• About
  • Home
  • Oracle Enterprise Manager

Musings

~ Things I see and learn!

Tag Archives: Docker

Understanding Docker Images and Layers

08 Friday Sep 2017

Posted by adeeshfulay in Docker, Storage

≈ Leave a comment

Tags

cloud, Docker, Docker, oracle, stateful, weblogic

Not so long ago, I presented a couple of sessions at the IOUG Collaborate 17 conference. During my session ‘Docker 101 for Oracle DBAs’ there were a bunch of questions regarding Docker images and the concept of layers and their benefits. So this blog basically summarizes the discussion I had with the audience during my session.

What are Docker Images and how do they compare to VM Images?

docker layers1

For anyone who has used VMs, the concept of a VM image is not new.
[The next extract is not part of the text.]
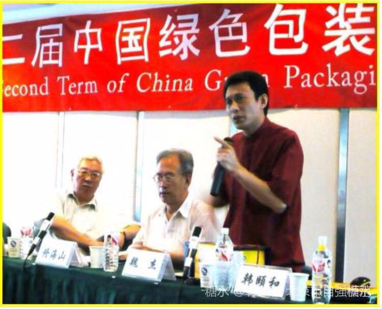 时任五粮液集团公司董事长的刘中国先生,送给韩颐和一瓶老酒并题字:“韩颐和老师惠存,五粮液集团刘中国”。 韩颐和当时善意地回怼:“你看你,一个纸袋子包了一个布袋子,一个布袋子包了一个红木盒子,红木盒子一打开就是一个白瓶子。你们是“认认真真造垃圾,实实在在搞污染”。 刘董事长看到韩颐和发明的“颐和包装”后问:“我们可不可以独家使用?” 韩颐和当即回敬道:“大鹏可以展翅,小鸟也要飞翔。这么好的东西,你们怎么可以独享?” 刘中国董事长笑着说:“你有语言暴力……”
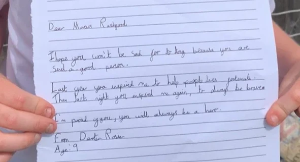 Trong hàng ngàn thông điệp của tình thương, Dexter Rosier – một CĐV nhí 9 tuổi viết một bức thư tay rất chân thành gửi cho Rashford: “Marcus Rashford thân mến. Tôi hy vọng anh sẽ không buồn lâu vì anh là một người tốt như vậy. Năm ngoái anh đã truyền cảm hứng cho tôi để giúp đỡ những người kém may mắn. Vậy thì đêm qua, anh lại truyền cảm hứng cho tôi, hãy luôn dũng cảm. Tôi tự hào về anh, anh sẽ luôn là một anh hùng. Từ Dexter Rosier”.

A Docker image is very similar and serves the same purpose, that is, they are used to create containers, but that is where the similarity ends. While VM image is a single large file, a Docker image references a list of read-only layers that represent differences in the filesystem. These layers are stacked one over the other, as shown in the image below, and form the basis of the container root filesystem. The Docker storage driver stacks and maintains the different layers. The storage driver also manages sharing of layers across images. This makes building, pulling, pushing, and copying of images fast and saves on storage.

How are Images used to create Containers?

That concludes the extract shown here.